==== PROVIDED RECORDS
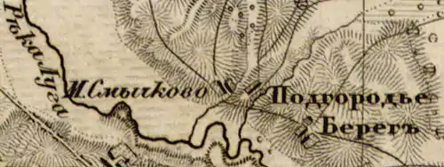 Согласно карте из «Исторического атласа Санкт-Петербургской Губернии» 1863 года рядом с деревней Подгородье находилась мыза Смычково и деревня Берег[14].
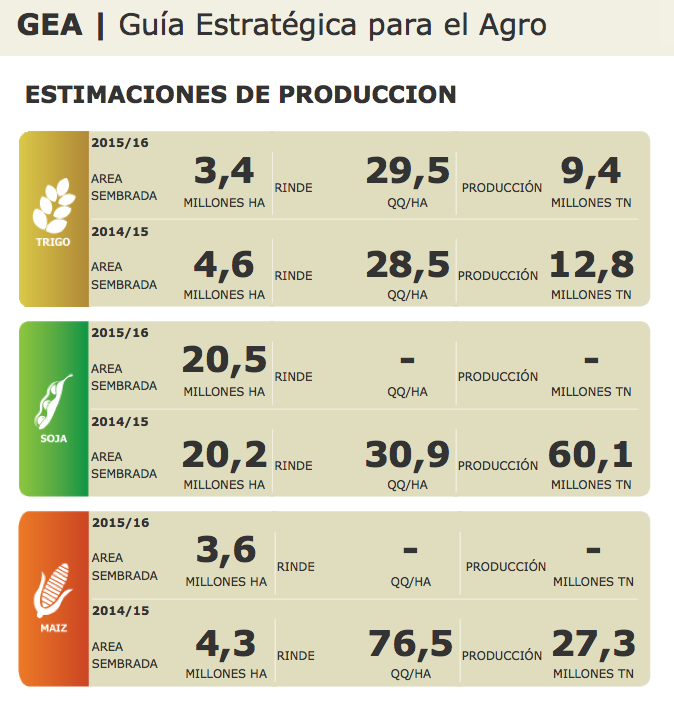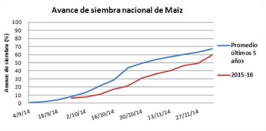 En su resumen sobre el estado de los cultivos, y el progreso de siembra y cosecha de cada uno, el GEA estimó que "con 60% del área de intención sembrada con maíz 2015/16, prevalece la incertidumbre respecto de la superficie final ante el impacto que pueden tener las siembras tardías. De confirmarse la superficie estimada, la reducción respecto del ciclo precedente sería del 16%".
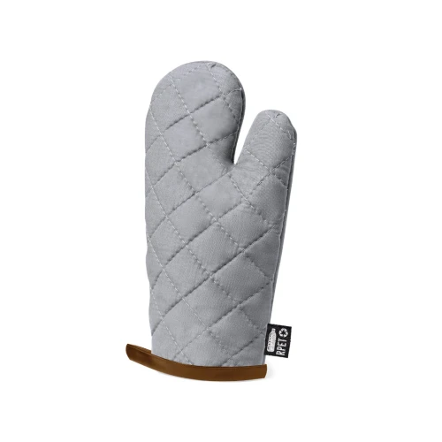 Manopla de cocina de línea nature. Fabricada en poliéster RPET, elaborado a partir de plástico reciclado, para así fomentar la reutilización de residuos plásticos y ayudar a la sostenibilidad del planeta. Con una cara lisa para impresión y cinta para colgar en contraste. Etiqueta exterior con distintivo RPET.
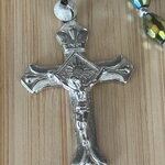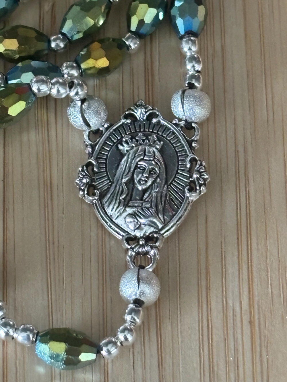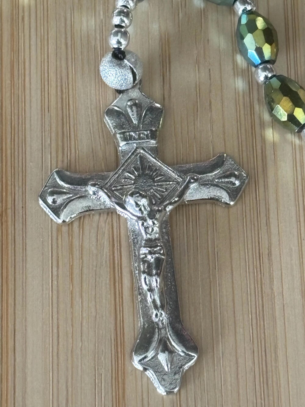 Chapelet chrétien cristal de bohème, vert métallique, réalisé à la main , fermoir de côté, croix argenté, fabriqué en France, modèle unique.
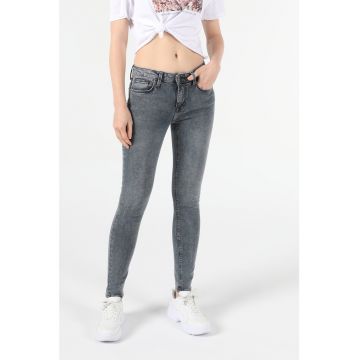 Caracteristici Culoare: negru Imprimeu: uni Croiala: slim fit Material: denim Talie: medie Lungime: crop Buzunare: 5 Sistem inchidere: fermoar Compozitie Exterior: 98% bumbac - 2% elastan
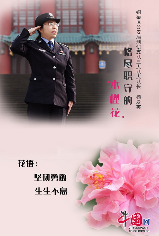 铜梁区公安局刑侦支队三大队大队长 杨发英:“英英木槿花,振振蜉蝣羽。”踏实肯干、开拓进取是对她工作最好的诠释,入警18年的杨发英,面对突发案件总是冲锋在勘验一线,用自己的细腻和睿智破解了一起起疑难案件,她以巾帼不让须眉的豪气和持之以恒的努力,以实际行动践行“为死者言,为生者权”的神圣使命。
========
==== PROVIDED RECORDS
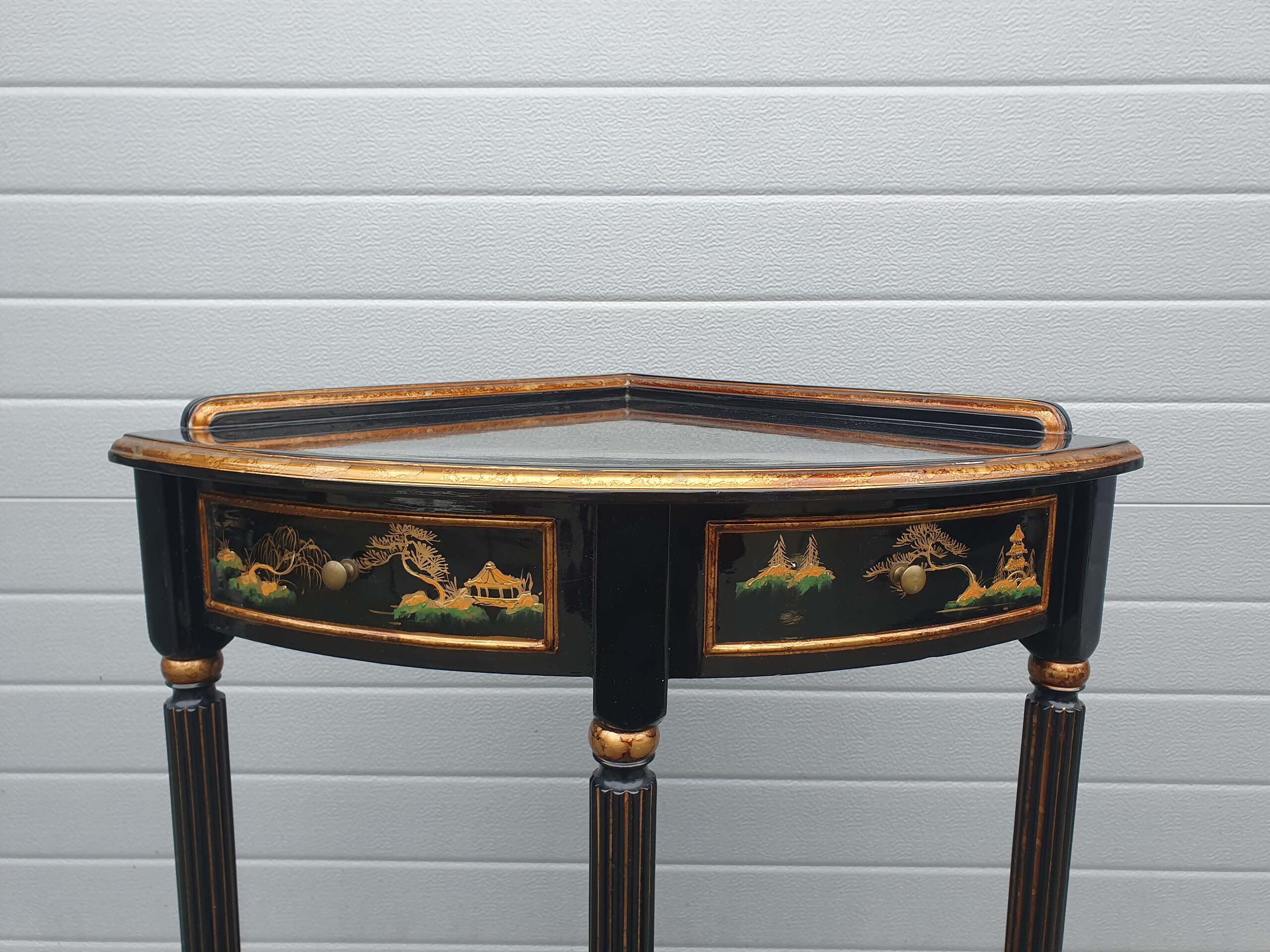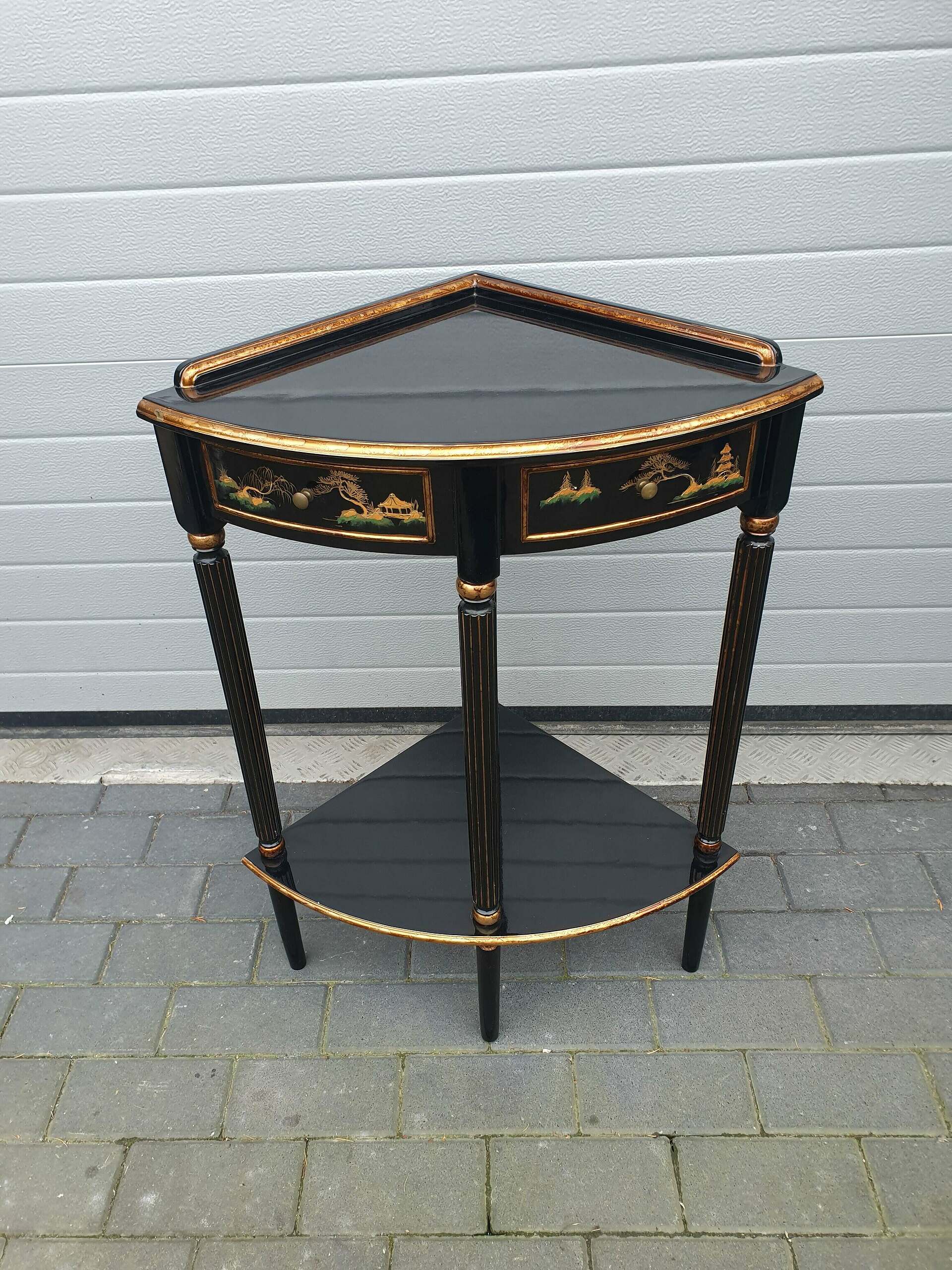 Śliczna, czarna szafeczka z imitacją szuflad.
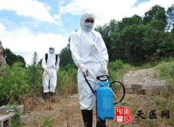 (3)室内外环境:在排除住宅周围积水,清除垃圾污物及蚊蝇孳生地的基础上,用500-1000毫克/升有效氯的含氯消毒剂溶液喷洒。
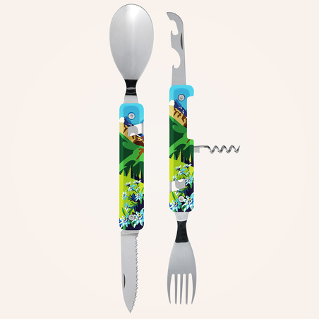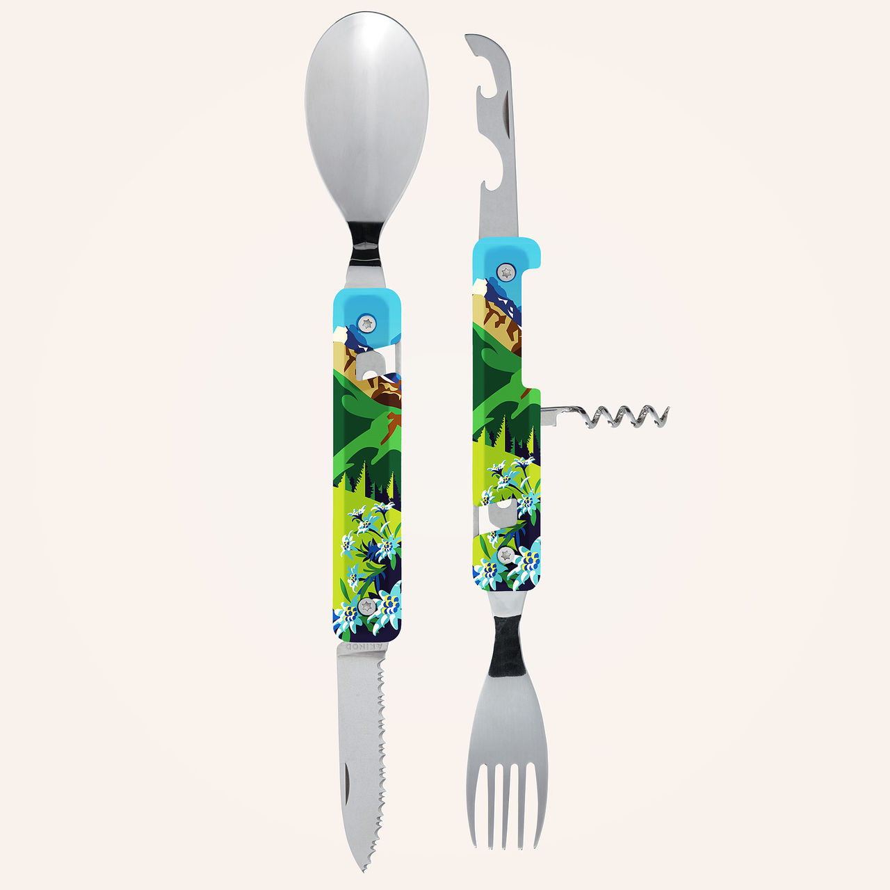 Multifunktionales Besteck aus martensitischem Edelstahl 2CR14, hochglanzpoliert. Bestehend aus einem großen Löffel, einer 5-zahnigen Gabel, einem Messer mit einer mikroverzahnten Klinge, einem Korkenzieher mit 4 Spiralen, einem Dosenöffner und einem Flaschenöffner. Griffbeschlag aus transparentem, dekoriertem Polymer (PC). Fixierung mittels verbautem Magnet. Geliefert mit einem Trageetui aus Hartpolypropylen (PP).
========
* [WORK ITEM] Write out again exactly the lines above from the one with "Chapelet chrétien cristal" through the one with "铜梁区公安局刑侦支队三大队大", adding no other lines and no pictures.

* [EXERCISE SOLUTION]
 Chapelet chrétien cristal de bohème, vert métallique, réalisé à la main , fermoir de côté, croix argenté, fabriqué en France, modèle unique.
 Caracteristici Culoare: negru Imprimeu: uni Croiala: slim fit Material: denim Talie: medie Lungime: crop Buzunare: 5 Sistem inchidere: fermoar Compozitie Exterior: 98% bumbac - 2% elastan
 铜梁区公安局刑侦支队三大队大队长 杨发英:“英英木槿花,振振蜉蝣羽。”踏实肯干、开拓进取是对她工作最好的诠释,入警18年的杨发英,面对突发案件总是冲锋在勘验一线,用自己的细腻和睿智破解了一起起疑难案件,她以巾帼不让须眉的豪气和持之以恒的努力,以实际行动践行“为死者言,为生者权”的神圣使命。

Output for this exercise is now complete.